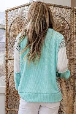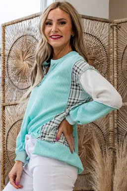 Stand out with this fun and fabulous corded textured top that celebrates bold pattern mixing. The Aruba blue base pairs beautifully with playful plaid patchwork panels, while the split open neck and long sleeves add a flirty, modern edge. Whether you're dressing up or keeping it casual, this piece brings personality and texture to your rotation. A wardrobe essential for anyone who loves to have fun with fashion.
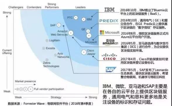 物聯(lián)網(wǎng)龍頭紛紛開(kāi)始布局區(qū)塊鏈,根據(jù)Forrester Wave:物聯(lián)網(wǎng)軟件平臺(tái)(2016年第4季度)的報(bào)告顯示,IBM、PTC、GE和微軟已成為占據(jù)物聯(lián)網(wǎng)平臺(tái)市場(chǎng)的主導(dǎo)企業(yè)。SAP、AWS、Cisco、LogMeln、Exosite、Ayla Networks和Zebra Technologies名列前11名。
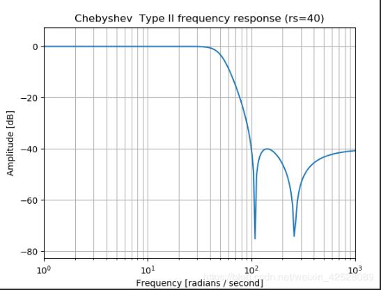 plt.title('Chebyshev Type II frequency response (rs=40)')
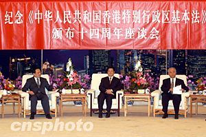盛華仁說,香港基本法頒布十四年來的歷史表明,這部法典的偉大意義在于,它把鄧小平關(guān)于“一國兩制”的偉大構(gòu)想,用法律形式完整地體現(xiàn)出來,并在香港成為事實。依照基本法所開創(chuàng)的“一國兩制”的生動實踐,是世界歷史上前所未有的偉大創(chuàng)舉。事實證明,香港基本法是香港長期繁榮穩(wěn)定的根本保證。
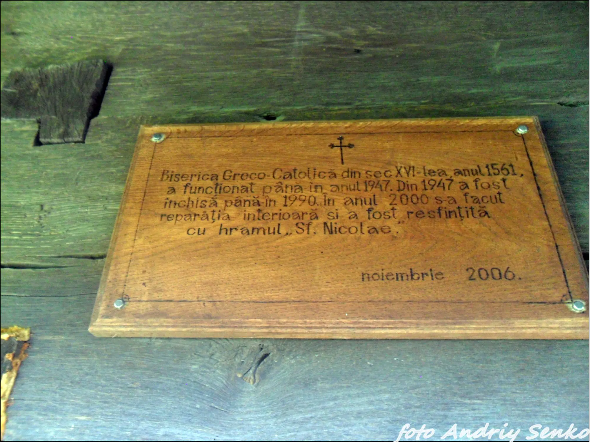 Дерев'яна церква у цьому румунському селі постала у 1604 році. А за іншими даними у 1561 р. На пам'ятній таблиці на стіні церкви написано (румунською мовою) дату 1561, також вказані ще дві дати: 1947 і 1990 (ймовірно, в той період церква зачинена). В радянський період церкву перетворили на музей, тому наприкінці 1960-х років святиню ремонтували. З початку 1990-х років церквою користується греко-католицька громада.
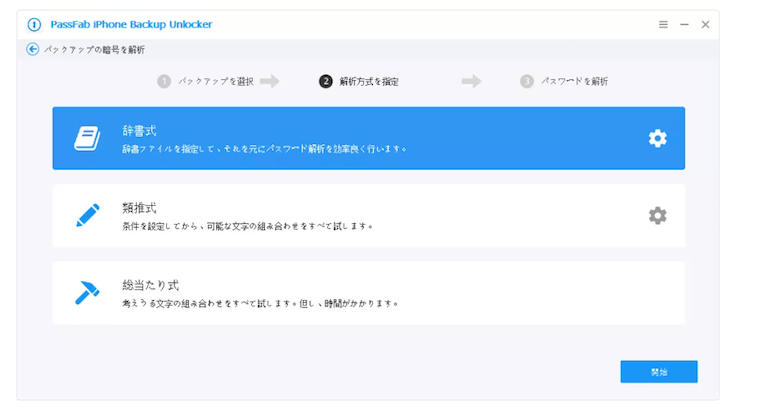 Step3:3つのパスワード解析タイプが表示されますので、適切なものを選択します。「開始」をクリックしてパスワード解析作業を開始します。
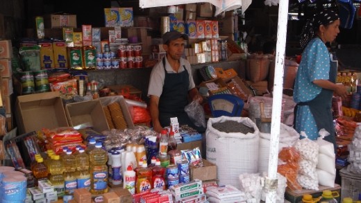 From the border we went straight to the main square of the major city in the region, Khujand with its mosque and Thursday Market – which used to be on just Thursdays but now is everyday. We started with the mosque, or at least Paul did. Women, including me, are not allowed in the mosque. I was told, “Women pray in the homes; men pray in mosques.” Hmmm; this is the first major difference with Uzbekistan, where I had no trouble entering as long as I wore a scarf and most of the mosques we visited were museums anyway.

= = = =

Exercise: Restate word for word only the lines that run from the line holding "Дерев'яна церква у" to the end of the data, both ends kept, leaving every picture out.

Result of the exercise:
 Дерев'яна церква у цьому румунському селі постала у 1604 році. А за іншими даними у 1561 р. На пам'ятній таблиці на стіні церкви написано (румунською мовою) дату 1561, також вказані ще дві дати: 1947 і 1990 (ймовірно, в той період церква зачинена). В радянський період церкву перетворили на музей, тому наприкінці 1960-х років святиню ремонтували. З початку 1990-х років церквою користується греко-католицька громада.
 Step3:3つのパスワード解析タイプが表示されますので、適切なものを選択します。「開始」をクリックしてパスワード解析作業を開始します。
 From the border we went straight to the main square of the major city in the region, Khujand with its mosque and Thursday Market – which used to be on just Thursdays but now is everyday. We started with the mosque, or at least Paul did. Women, including me, are not allowed in the mosque. I was told, “Women pray in the homes; men pray in mosques.” Hmmm; this is the first major difference with Uzbekistan, where I had no trouble entering as long as I wore a scarf and most of the mosques we visited were museums anyway.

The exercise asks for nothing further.